Георгию Никифорову, по нашему мнению, надо весьма основательно продумать эти из'яны художественного "видения" женщины.
Показались нам тенденциозными, а следовательно, художественно невоплощенными по подобию образы интеллигенции, мелкой буржуазии. Все эти "подчеркнутые" инженеры Сарынины, поставщики, секретарши, машинистки, как исключения, мыслимы в природе, но едва ли за ними можно видеть типы Ей-ей - Георгий Никифоров может оказаться на голой земле, совсем без всяких людей, на которых можно было бы приветливо и сочувственно остановиться глазами.
Жизнь слишком, повидимому, редко повертывалась солнечной стороной к Г. Никифорову. Да и могла ли она быть другой у рабочего писателя? Никифоров глубоко вобрал, вдыхал в себя ее тени, он пессимистичен, миросозерцание его полно озлобления, злости, драматичности, творчество его до испарины мучительно, Никифоров сводит счеты с каждым уколом жизни, ему доставшимся. Хочется думать, что он отогреется в новых условиях, выльется его злая чаша горести, и он даст вещи большей об'ективности и художественной законченности.
Конечно, рабочий писатель не непременно должен быть в каком-то каноническом веселии, но как-то неповадно взглядываться в мрачную живопись его, на перевале в новую жизнь.
Может быть, тут поделать ничего нельзя - за плечами Никифорова тяжелый груз годов, наследство минувшего. Писательский молодняк подобного мировоззрения усвоить не может, он оживлен, брызжет, как фонтан, молодостью и здоровьем тут, рядом с Георгием Никифоровым.

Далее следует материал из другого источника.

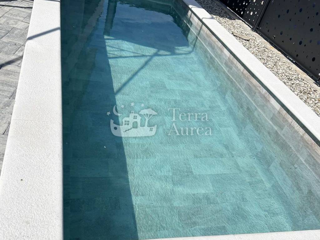 Al piano terra di questa elegante abitazione si trova un disimpegno che conduce ad un ampio bagno e ad un ambiente open space che unisce cucina, sala da pranzo e soggiorno. Grandi porte in vetro collegano armoniosamente lo spazio interno con una terrazza coperta che offre una vista sul fresco blu della piscina, creando un luogo ideale per rilassarsi o godersi i pasti all'aperto.
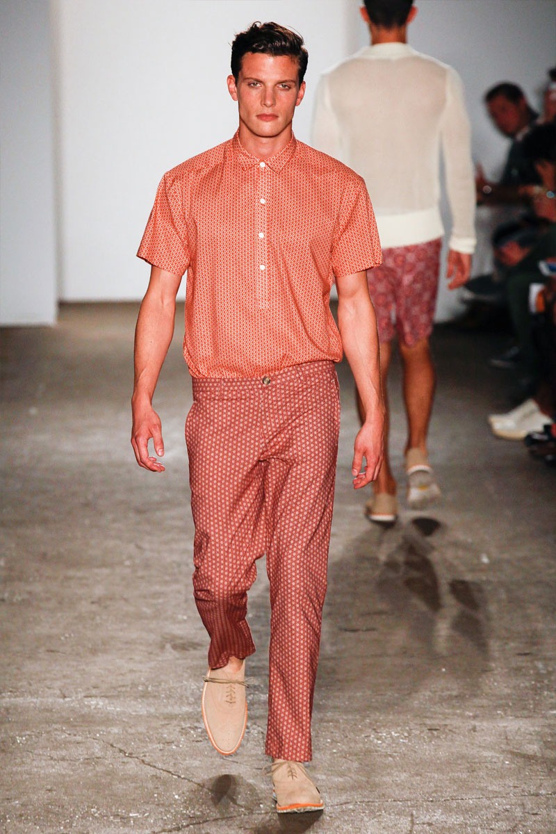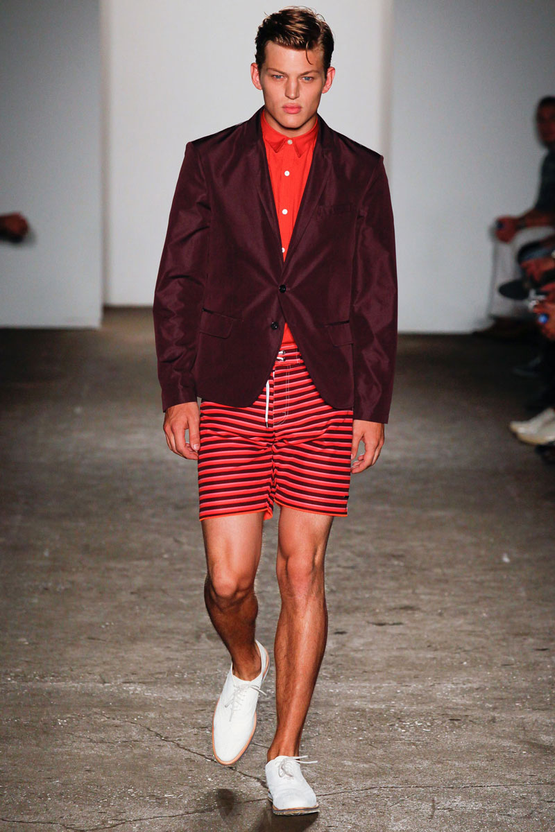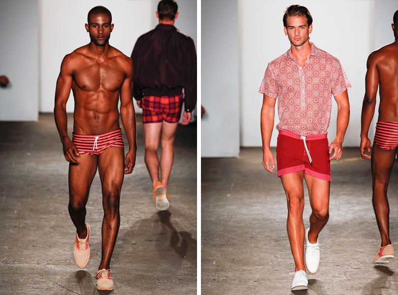 Parke Lutter and Ronen Jehezkel presented a bold and sexy Spring/Summer 2013 collection featuring brightly colored prints in trunks, shorts, lightweight shirts, bathing suits, shirts and blazers.

В писательской манере Георгия Никифорова чувствуется влияние Максима Горького, лепка с мясом и кровью, циклопическая кладка снова. Нет тут ничего удивительного: Максима Горького буржуазная критика много раз отпевала, пугала "обезьяньими лапами", но Максим Горький в ответ создавал новые вещи еще большей значимости, громадное его дарование оказало и оказывает влияние на всю современную прозу.

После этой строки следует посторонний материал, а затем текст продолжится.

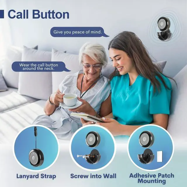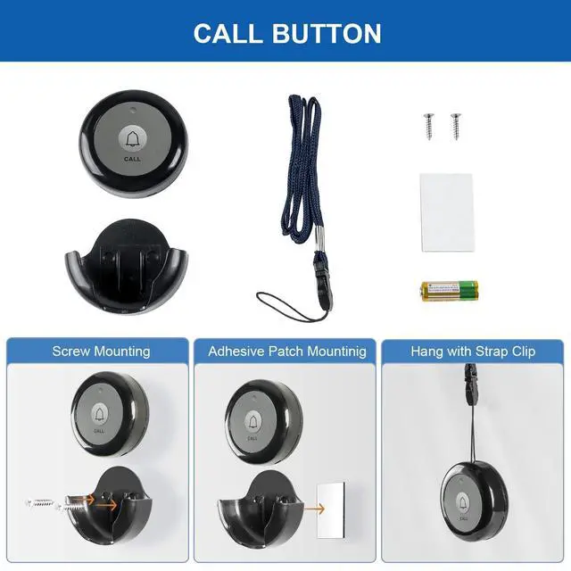 ^^ CONVERTIBLE FEATURE: Each call button comes with a mounting bracket that allows it to fix to a wall at bedside/in bathroom or affix to most smooth and clean surfaces with adhesive tapes/screws provided. Attach with the lanyard provided to wear around the neck as a pendant. ^^

Георгий Никифоров искусно строит свои вещи и композиционно, но временами ему еще свойственна некоторая неясность линий его
стр. 169
построек, он бывает неряшлив и небрежен. Например, в "Иване Брынде" первая глава, дающая Брынду пьяным, пинающим свою сожительницу Прасковью, никак не увязывается с последующими главами, в которых Брында выступает необыкновенно привлекательным, человечески трогательным образом. Отсюда надо сделать вывод: писатель в момент написания первой главы неясно себе представлял своего героя.
В "Двух сменах" в стройное течение развития действия в городе вдруг врывается лирическое отступление о "тихом сельце" с "змейками-речушками". Само по себе отступление в другой вещи, на своем месте украсило бы целую страницу, но вторжение его в "Две смены" чрезвычайно досадно - оно разрушает цельность композиции. Кое-где такие же вставные эпизоды немало вредят прямым художественным замыслам художника. Сбивается изредка
стр. 170
Георгий Никифоров и отступает от основного закона художественной прозы только, только "показывать", а не рассказывать. И как он забудет об этом - среди насыщенного красками, сравнениями, образами письма прорывается серая "усталая" страница.

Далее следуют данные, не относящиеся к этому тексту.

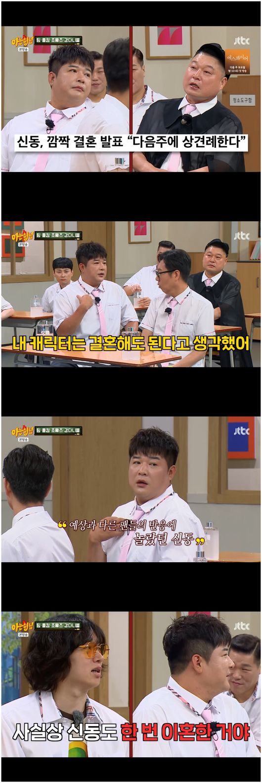 [OSEN=오세진기자]‘아는형님’슈퍼주니어신동이과거결혼발표를했던것에대해조심스러운입장을표명했다.26일방영한JTBC예능‘아는형님’에서는가수팀,조째즈,폴킴,강다니엘이등장했다.이중팀과폴킴은유부남이었는데,이들은각각8년과9년열애끝에결혼한것으로알려졌다.폴킴은“아내랑9년연애했다.장기연애를하니까주변에서다들결혼안하냐고다들물어봤다”라면서“그런데장모님이한번은밥먹자고하시더라.그래서셋이서밥을먹는데‘3년안에결혼안하면죽여버린다’라고하셨다”라고말했다.이후결혼을결심했지만주변으로부터'솔로남자가수의결혼여부는팬층을달리한다'라는식의말을들은그는고민에빠졌다고.그러나폴킴은“결혼발표다음날행사를갔더니팬들이‘결혼축하해’라고하시더라.나는도대체무슨생각을하고살았던걸까”라며쑥스럽다는듯웃었다.이에신동은“내캐릭터가결혼을해도된다고생각을했는데,팬들이화를내는거보고깨달았다”라며조심스럽게말문을열었다.그러자김희철은“사실신동은한번이혼한거지”라고말해스튜디오를뒤집어놓았다./[email protected][사진]JTBC예능‘아는형님’Copyright©OSEN.무단전재및재배포금지.

Не лишен манерности описательский прием "Так было" в первой главе повести "Так иль этак". Нет ничего выше в искусстве простоты, прозрачной ясности языка. Никифоров знает это, но не всегда об этом помнит - бывают срывы. Лучше бы их не было!
Приветствуя дарование Никифорова, а дарования так редки, мы вправе ждать от него более отстоявшегося мастерства, более выпестованных по темам вещей, большей глубины, может быть, за счет напряженной остроты их и даже некоторой экзотичности. Тогда все приложится.